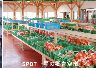
SPOT | 星の郷青空市
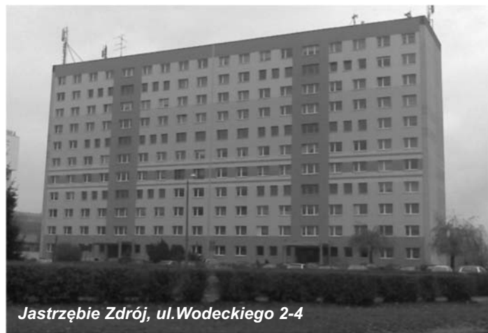
Jastrzębie Zdrój, ul. Wodeckiego 2-4

budynkach wysokich dodatkowo wnętrza międzyloggiowa co w znacznym stopniu poprawiło estetykę elewacji balkonowej budynków.
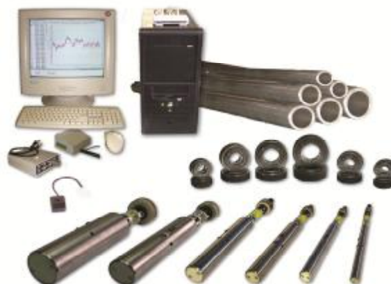
Рисунок 7 – Общий вид приборов электронных ЦДЗ исполнений от ЦДЗ.80.00.000-00 до ЦДЗ.89.00.000-99

#### Exercise instructions:
No picture is to be included when the lines from the one containing "Jastrzębie Zdrój, ul. Wodeckiego 2-4" through the end of the material above are output exactly; nothing else is written.

#### Your response:
Jastrzębie Zdrój, ul. Wodeckiego 2-4

budynkach wysokich dodatkowo wnętrza międzyloggiowa co w znacznym stopniu poprawiło estetykę elewacji balkonowej budynków.
Рисунок 7 – Общий вид приборов электронных ЦДЗ исполнений от ЦДЗ.80.00.000-00 до ЦДЗ.89.00.000-99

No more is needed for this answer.